There is a predefined set of metrics defined for every node with the specific function described in the sections below.
Generic GCE Linux Node¶
Stackdriver collects the following list of metrics for any node that is running on the Linux OS: CPU utilization, % Load average Memory usage, % Disk usage, % Swap usage, % Disk I/O, bytes per second Network traffic, bytes per second Open TCP connections Processes count
For the database, the following metrics are collected (note that the metrics may vary depending on the version of the database system):
Connections (count) Select Queries (count) Insert Queries (count) Update Queries (count)
Connections (count) Disk Usage (byte) Commits (count/s) Rollbacks (count/s) Heap Blocks Read Rate (count/s) Heap Cache Hit Rate (count/s) Index Blocks Read Rate (count/s) Index Cache Hit Rate (count/s) Toast Blocks Read Rate (count/s) Toast Cache Hit Rate (count/s) Toast Index Blocks Read Rate (count/s) Toast Index Cache Hit Rate (count/s) Operations [delete, insert, update, heap only update] (count/s) Dead Tuples (count) Live Tuples (count)
Nginx, Elasticsearch, Redis, and RabbitMQ¶
Other metrics that are collected depend on the system’s monitoring plugins: Nginx monitoring plugin Elasticsearch monitoring plugin Redis monitoring plugin RabbitMQ monitoring plugin
Depending on the Recovery Time Objective, OroCloud classifies alerts by severity as warnings and critical alerts. These types of alerts use separate notification channels and trigger unique recovery flows that are described in the following sections.
SLA for Warnings¶
For warning alerts, the reported issues are resolved in a 12-hour time frame. If it proves to be impossible, a critical incident is created since the issue may affect the production environment availability.
Warnings are sent to the dedicated email distribution list.
Recovery Flow for Warnings¶
Once the new warning is acknowledged, it is processed immediately, and the reporter is notified of the related root-cause. The progress of the issue and timeframe to resolution are also reported and logged in the comments section of the ticket. Once the issue is resolved, additional details on the resolution steps are provided as well.
Standard Alerting Policies for Warnings¶
An alert is triggered once the monitoring system predicts that the actual metric value will exceed the threshold in the next 12 hours. The following alerting policies apply to every OroCloud environment:
- Disk usage – Disk usage is above 80% and has been increasing with the rate of 1% per hour in the last hour
- Swap – The swap usage registered in the last hour is above 10%
- HTTP 400 statuses – More than 10% of 400 statuses are observed in the HTTP responses in the last hour
- HTTP 500 status – More than 1% of 500 status is observed in the HTTP responses in the last hour
- Process count – Changed by more than 10% in the last 30 minutes.
Escalation for Warnings¶
The warning is escalated to a critical incident if it is expected to be fixed in more than 12 hrs or if the warning alert repeats in less than 12 hours.
SLAs for Critical Alerts¶
The critical alert means that service is not available or there is a clear sign that service will be down in roughly 10 minutes. Critical alert needs an immediate reaction from the system engineer, and it automatically triggers an incident creation. Recovery Time Objective for critical incidents is 30 minutes.

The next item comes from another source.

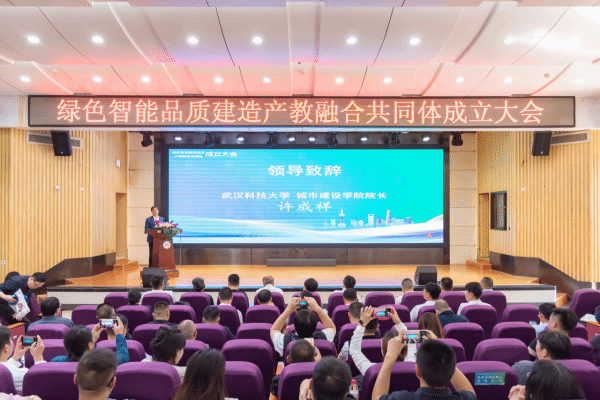 全国绿色智能品质建造产教融合共同体是在湖北省教育厅和湖北省住建厅的指导支持下,由英国365集团网站、中建三局集团有限公司、武汉建工集团股份有限公司、武汉市汉阳市政建设集团有限公司、湖北省工业建筑集团有限公司、湖北城市建设职业技术公司共同发起,并联合科研院所、行业内优秀企业、有关职业院校、行业协会等53家单位共同组建。

Notification Channels for Critical Alerts¶
Critical alerts are sent to the dedicated email distribution list.
Recovery Flow for Critical Alerts¶
Each critical alert triggers the execution of the Incident Response Plan which aims to solve critical issues as soon as possible.
Standard Alerting Policies for Critical Alerts¶
The alert is triggered once the monitoring system identifies that the service hosted in the OroCloud environment is unavailable or severely degraded. The following alerting policies apply to every OroCloud-based instance:
- Production health check – The HTTPS URL is not responding with a timeout of 1s when accessed from all locations provided by Stackdriver
- HTTP 500 status code – More than 5% of 500 status codes are observed in the HTTP responses in the last 5 minutes
- Disk usage – The disk usage is above 95% in the last 30 minutes
- Swap – The swap usage registered in the last 30 minutes is above 50%
- Message queue – Zero consumers are connected to the RabbitMQ in the last 5 minutes
Escalation for Critical Alerts¶
Escalation is performed according to the Incident Response Plan.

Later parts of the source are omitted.